Efficacy and safety of guselkumab in European patients with palmoplantar pustulosis: A multi-center, single-arm clinical trial (GAP study)

Background: Palmoplantar pustulosis (PPP) is a chronic inflammatory skin disorder that affects palms and soles. Patients suffer significant pain, itching, and daily activity impairment. Guselkumab, an interleukin-23 inhibitor, has been approved for PPP treatment in Japan.

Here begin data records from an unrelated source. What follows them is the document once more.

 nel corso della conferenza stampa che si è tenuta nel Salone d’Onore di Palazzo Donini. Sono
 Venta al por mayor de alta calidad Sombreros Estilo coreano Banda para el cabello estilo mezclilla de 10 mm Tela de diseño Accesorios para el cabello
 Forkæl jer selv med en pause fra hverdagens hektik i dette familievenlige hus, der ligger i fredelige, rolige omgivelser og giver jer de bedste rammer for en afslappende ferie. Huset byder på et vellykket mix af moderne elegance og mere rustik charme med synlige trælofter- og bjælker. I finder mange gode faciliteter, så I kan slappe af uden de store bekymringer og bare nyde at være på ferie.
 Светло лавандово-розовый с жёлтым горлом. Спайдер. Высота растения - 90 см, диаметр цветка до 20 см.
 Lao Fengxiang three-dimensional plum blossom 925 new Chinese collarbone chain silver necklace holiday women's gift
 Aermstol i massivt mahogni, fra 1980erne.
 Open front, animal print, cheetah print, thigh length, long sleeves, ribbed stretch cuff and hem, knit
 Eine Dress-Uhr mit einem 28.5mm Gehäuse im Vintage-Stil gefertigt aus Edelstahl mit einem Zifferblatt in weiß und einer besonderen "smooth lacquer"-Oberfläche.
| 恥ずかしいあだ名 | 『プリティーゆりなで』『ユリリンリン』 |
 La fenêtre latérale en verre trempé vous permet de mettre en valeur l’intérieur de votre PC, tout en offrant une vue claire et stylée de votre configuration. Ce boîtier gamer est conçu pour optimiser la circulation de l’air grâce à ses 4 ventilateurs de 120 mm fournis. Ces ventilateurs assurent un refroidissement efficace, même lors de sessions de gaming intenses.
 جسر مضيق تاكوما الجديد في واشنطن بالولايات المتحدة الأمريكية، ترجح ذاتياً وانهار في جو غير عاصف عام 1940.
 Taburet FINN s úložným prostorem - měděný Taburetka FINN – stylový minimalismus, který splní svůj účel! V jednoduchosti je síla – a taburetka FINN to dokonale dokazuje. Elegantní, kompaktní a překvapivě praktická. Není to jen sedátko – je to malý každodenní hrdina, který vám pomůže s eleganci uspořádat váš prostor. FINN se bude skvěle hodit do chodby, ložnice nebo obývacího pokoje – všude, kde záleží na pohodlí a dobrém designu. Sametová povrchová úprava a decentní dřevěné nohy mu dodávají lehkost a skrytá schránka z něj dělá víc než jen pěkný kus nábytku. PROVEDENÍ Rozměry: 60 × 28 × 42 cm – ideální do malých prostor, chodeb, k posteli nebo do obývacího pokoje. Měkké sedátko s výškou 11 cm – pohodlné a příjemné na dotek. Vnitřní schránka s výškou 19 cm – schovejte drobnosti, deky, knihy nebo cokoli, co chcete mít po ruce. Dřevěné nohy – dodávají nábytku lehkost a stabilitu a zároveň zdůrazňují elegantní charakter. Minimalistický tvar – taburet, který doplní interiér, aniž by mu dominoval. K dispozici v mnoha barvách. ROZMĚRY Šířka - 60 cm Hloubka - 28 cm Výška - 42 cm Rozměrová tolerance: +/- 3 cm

However, there is no effective therapy licensed for PPP in Europe and the USA. Objective: To explore the efficacy and safety of guselkumab in patients with moderate-to-severe PPP in the Caucasian population. Methods: A multicenter, single-arm, phase II study involving 50 patients with moderate-to-severe PPP treated with 100 mg guselkumab subcutaneously for 24 weeks was conducted (GAP). Primary endpoint was the reduction of palmoplantar-pustulosis psoriasis area and severity index (PPPASI) at week 24 compared to baseline. Secondary endpoints included physician-assessed and patient-reported measures. Serum samples were taken for exploratory studies. Results: The primary endpoint was met with a significant median PPPASI reduction by 59.6% at week 24 compared to baseline (P < .001). The proportions of patients achieving PPPASI-50 and PPPASI-75 at week 24 were 66.0% and 34.0%, respectively. Median dermatology life quality index dropped from 15 at baseline to 5 at week 24 (P < .001). Week 4 changes in interleukin-19 serum levels predicted week 24 clinical response. Conclusion: Guselkumab may be a promising therapeutic option for PPP in Caucasian patients. ( JAAD Int 2025;18:69-78.)